Più voce a sicurezza e semplicità

Calandra che si allarga verso il basso, fari più sottili bi-xenon adattativi con cornice brunita e gobba sul cofano, la nuova Focus ST appare sicuramente un po’ più cattiva di prima e mantiene il doppio terminale di scarico centrale a sezione esagonale. Nuovi i cerchi da 18 o da 19 pollici, nuova anche la tinta Stealth Grey che si aggiunge alle altre già note per la loro vivacità.

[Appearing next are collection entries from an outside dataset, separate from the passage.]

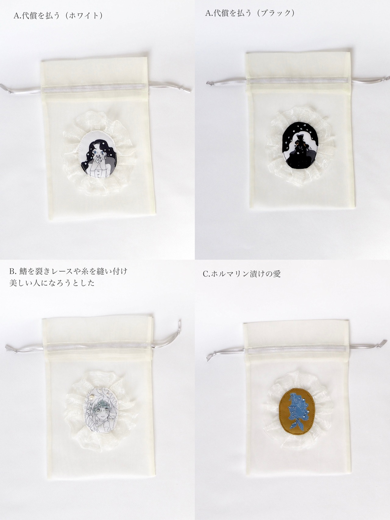 オリジナルイラストに一つ一つビーズ刺繍をし
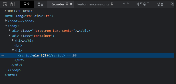 입력한 <script>alert(1)</script> 가 잘 들어가 있는것을 볼 수 있다.
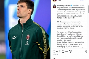 體育資訊3月4日訊 米蘭后衛加比亞更新社媒動態,確認已成功接受腹股溝疝手術。
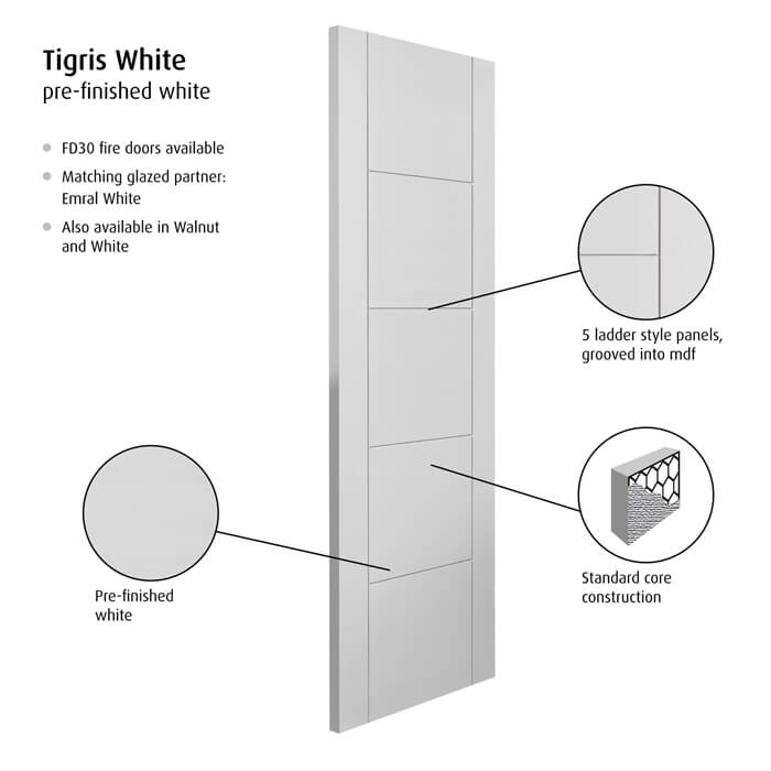 The JB Kind Tigris White Painted 5 Panel FD30 Fire Door is supplied Fully fiinished. All JB Kind fire doors are fully accredited and tested in accordance with either BS 476 pt22 or EN1634-1:2000.
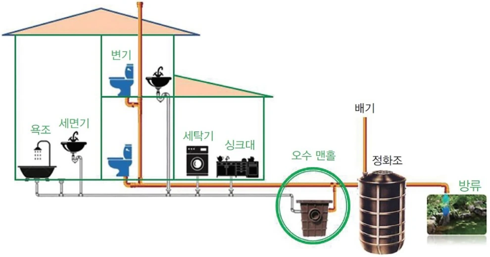 오폐수직관이라는 말은 들어본 적이 없는 사람도 많을 것이다. 나는 집을 지으려고 마음을 먹었을 당시 콘센트와 스위치도 구분 못하는 건축에 대해 정말 무지한 상태였다. 집을 지어가면서 매일 낮에는 공사장에서 사진 찍고 공사 과정을 지켜봤다. 밤에는 낮에 찍은 사진들을 보면서 관련 자료를 찾고 시공사 대표님에게 폭풍 질문을 하면서 지냈다. 시공사 대표님은 내가 매일 공사장에 나타나는 것을 불편해하셨다. 설계 미팅할 때만 해도 매일 나가겠다는 나의 말에 언제든 환영한다고 말씀하셨다. 그렇지만 진짜 매일 나타날 줄은 모르셨던 것 같다. 오폐수직관이라는 것은 공공폐수처리시설로 오수를 바로 유입시켜 버리는 경우를 말한다. 대부분의 도시 주택에서는 도시가스관과 마찬가지로 오폐수관이 폐수처리시설로 바로 연결되어 있다. 따라서 별도의 정화조가 필요 없다. 이와 반대로 오폐수관이 연결되어 있지 많은 지역에서는 집집마다 개인 정화조를 설치해야 한다. 나는 정화조를 분뇨를 모아 놓는 거대한 탱크로 생각했는데 그것보다는 조금 복잡했다. 정화조는 내부에서 분뇨를 생화학적 과정을 거쳐 슬러지 형태로 침전시키고 그 외의 오수만 하수도를 통해 배출하는 시설이다. 가라앉은 침적물은 혐기성 균의 작용으로 분해된다. 처리가 완료된 침적물인 슬러지가 너무 많이 쌓이면 정상적인 분해가 일어나기 힘들기 때문에 1년에 한 번 분뇨 수거차가 슬러지를 펌프질 해서 분뇨처리장으로 수거해 간다. 그러고 보니 언젠가부터 분뇨차를 본 기억이 거의 없다. 어린 시절엔 학교 가는 이른 시각 분뇨차를 일주일에 한 번씩은 만났던 기억이 나는데 말이다. 옛날 집들은 화장실이 대부분 밖에 있었고 분뇨차는 화장실 분뇨를 긴 파이프를 이용해 수거해 갔다. 분뇨차 근처만 가도 나는 엄청난 냄새 때문에 코를 틀어막고 인상을 한껏 쓰면서 작업하는 아저씨들 옆을 지나갔던 기억이 난다. 지금 생각해 보니 참 죄송한 마음이 든다. 어느 순간부터 분뇨차를 보기 힘들어졌는데 그 이유가 오폐수직관 때문이라는 걸 알게 되었다. 내가 지방을 떠나 도시에 살게 되면서 분뇨차를 볼 수 없었던 것이다.
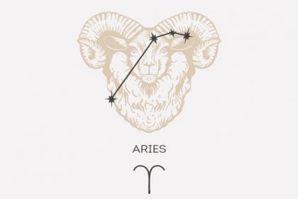 Ilustração e constelação do signo de Áries em um fundo cinza
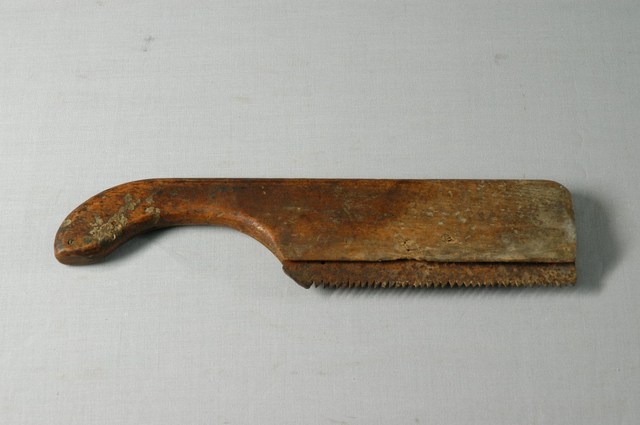 本文物為鋸草手鋸,以鋸片和木握把構成。是做草編、竹籐編時用來鋸草、藤條、竹篾的工具。根據購藏來源資料,本件工具來自南投。
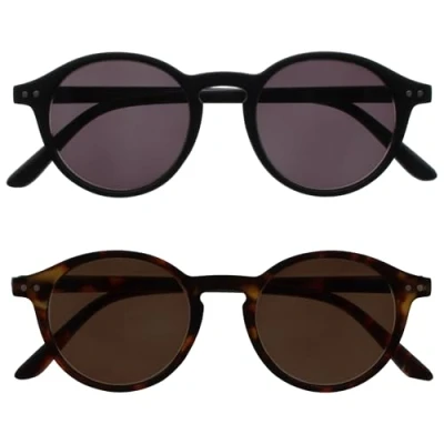 OPULIZE REY Sunglasses 2 Pack Retro Round Frame Matt Black, Brown Tortoiseshell Mens Womens Spring Hinges SS56 12
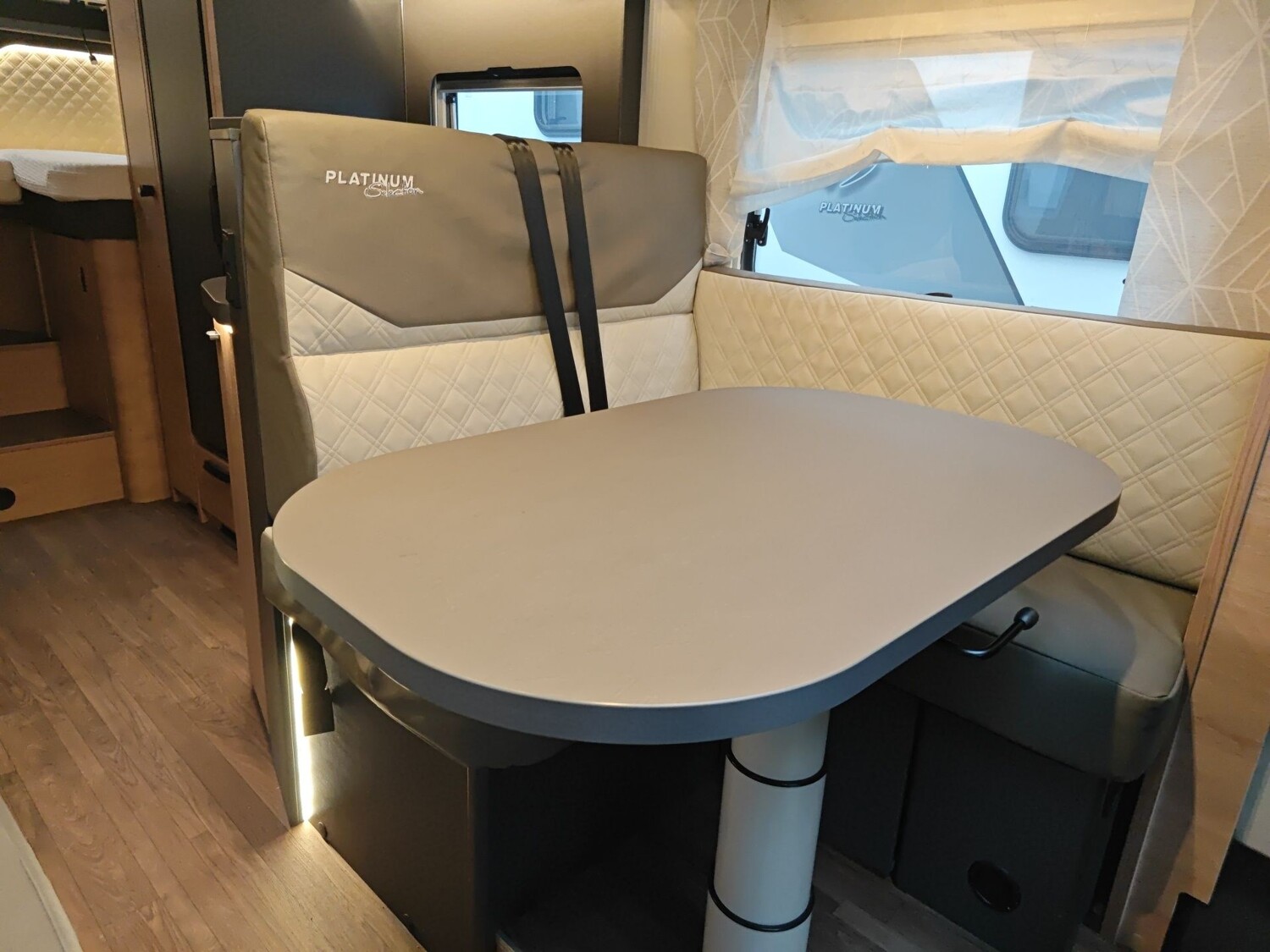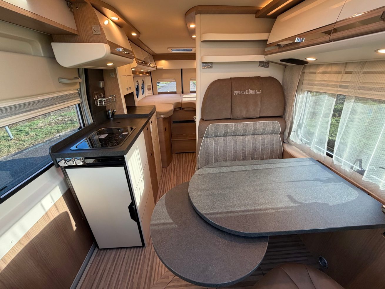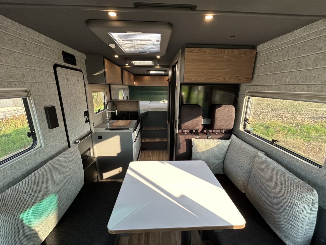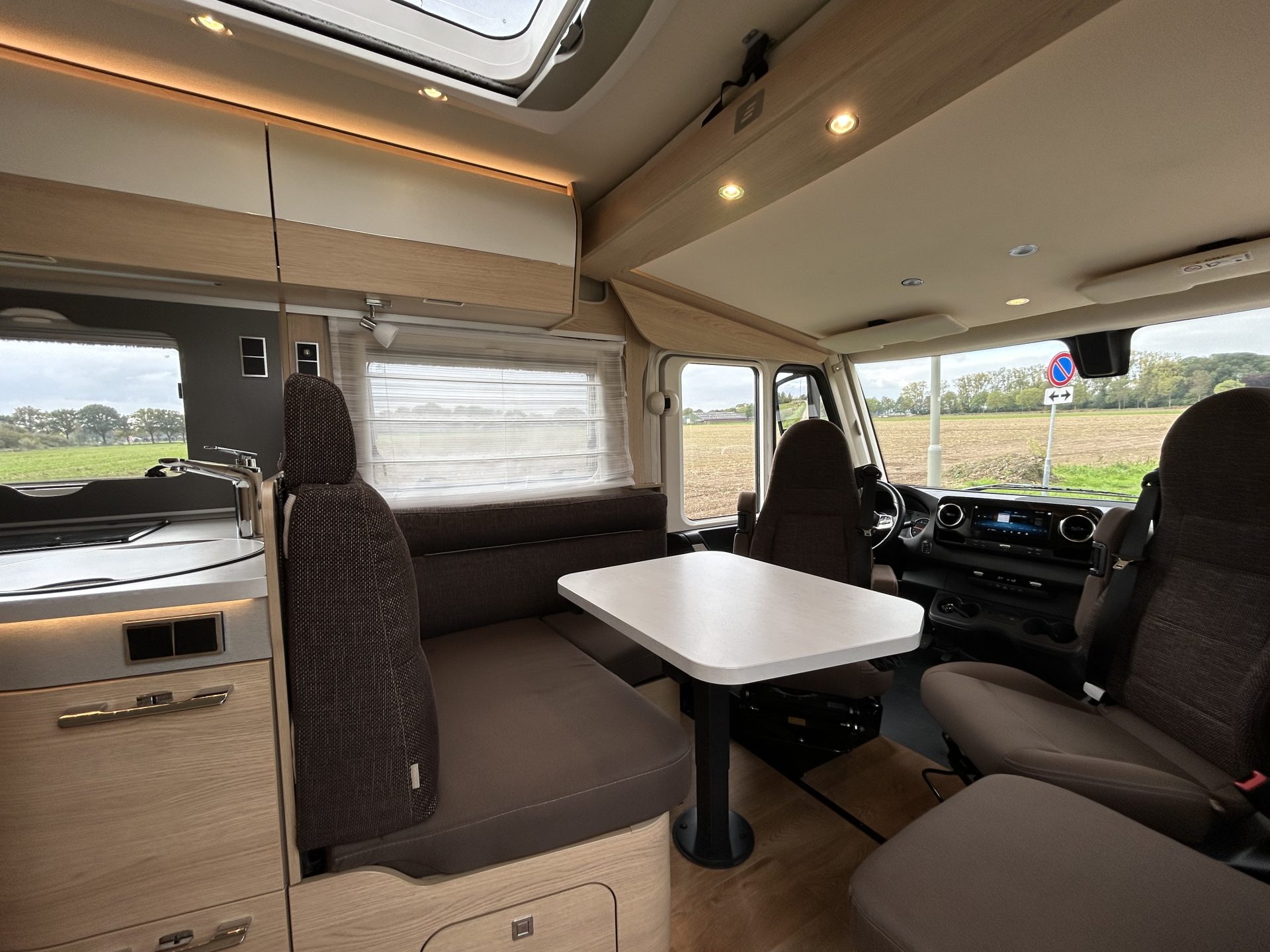 - Deze indeling oogt modern en wordt steeds vaker toegepast in hedendaagse campers.

La novità principale dell’abitacolo è la semplificazione: via i tanti pulsanti e largo allo schermo a sfioramento da 8 pollici del sistema Sync 2, in grado di trasformare semplici istruzioni vocali in azioni immediate. Per la ST in aggiunta arrivano volante, leva del cambio, pedaliera, sedili Recaro e gli immancabili tre strumenti supplementari sulla plancia: due mi dicono bar e gradi del lubrificante, quello al centro la pressione del turbo. La già ricca dotazione di sicurezza (Blis, Lane Keeping Aid, sentinella contro la stanchezza, etc) è completata dalla frenata automatica fino a 50 km/h e dal Cross Traffic Allert, per farmi uscire con tranquillità dai parcheggi in retromarcia.

Chip, metallo e cavalli con poca sete

Hardware e software vanno di pari passo per il telaio. L’avantreno è fissato più solidamente alla scocca, l’assetto e lo sterzo sono stati rivisti così come l’ESC, già provvisto di assistenza per le partenze in salita e arricchito dell’Enhanced Transitional Stability, utile a limitare indesiderati fuori programma nei cambi di corsia più repentini, oltre che modificato nel Torque Vectoring Control, quell’aiutino dato dai freni per migliorare inserimento e motricità in curva attraverso pinzate sulle ruote interne. Il 2 litri EcoBoost da 250 CV è stato reso più efficiente del 6%, il diesel invece deriva dall’unità da 150 CV modificata però a centralina, aspirazione e scarico per raggiungere i 185 CV senza toccare i consumi, anzi: la Focus ST a gasolio dichiara 4,2 litri/100 km pari a 110 g/km di CO2 con una velocità di 217 km/h e uno 0-100 km/h in 8,1 secondi. Decisamente più arrabbiata l’altra (248 km/h, 0-100 km/h in 6,5 secondi). Per tutte e due il cambio è solo manuale a 6 rapporti. E non chiedetemi perché.

Lo sport non è mai stato così comodo

I sedili Recaro mi avvolgono senza opprimermi, il volante mi viene vicino senza nascondermi la strumentazione. Piede sulla frizione, mano sul pulsante e l’EcoBoost si avvia con voce robusta. Niente al confronto di quello che mi farà sentire tra poco, quando al salire dei giri, il risuonatore sistemato sul collettore mi porta tutte le note migliori nell’abitacolo, ma solo quando lo chiamo alla progressione. In autostrada e a velocità costante questa ST ha un comfort davvero impressionante, anche quando le sospensioni devono copiare le imperfezioni del manto stradale. Ecco il motivo – penso subito – per cui un’auto così oggi può essere anche station wagon e diesel. Certo la zona rossa arriva molto prima e anche lo sterzo non dà la stessa confidenza, ma il sound non è niente male e 400 Nm fanno davvero comodo sia nei sorpassi sia in uscita di curva. L’ESC lo sento intervenire raramente, in OFF la motricità ne soffre un po’ mentre in Sport posso giocare con il tiro-rilascio e cercare insieme alla macchina la linea migliore. Lo sterzo me lo fa fare meglio di prima, lo sento più omogeneo e collegato al suolo, il cambio ben scalato mi aiuta prima e dopo le curve e, quando servono, i freni mi rispondono “presente” anche dopo ripetuti assalti con la baionetta.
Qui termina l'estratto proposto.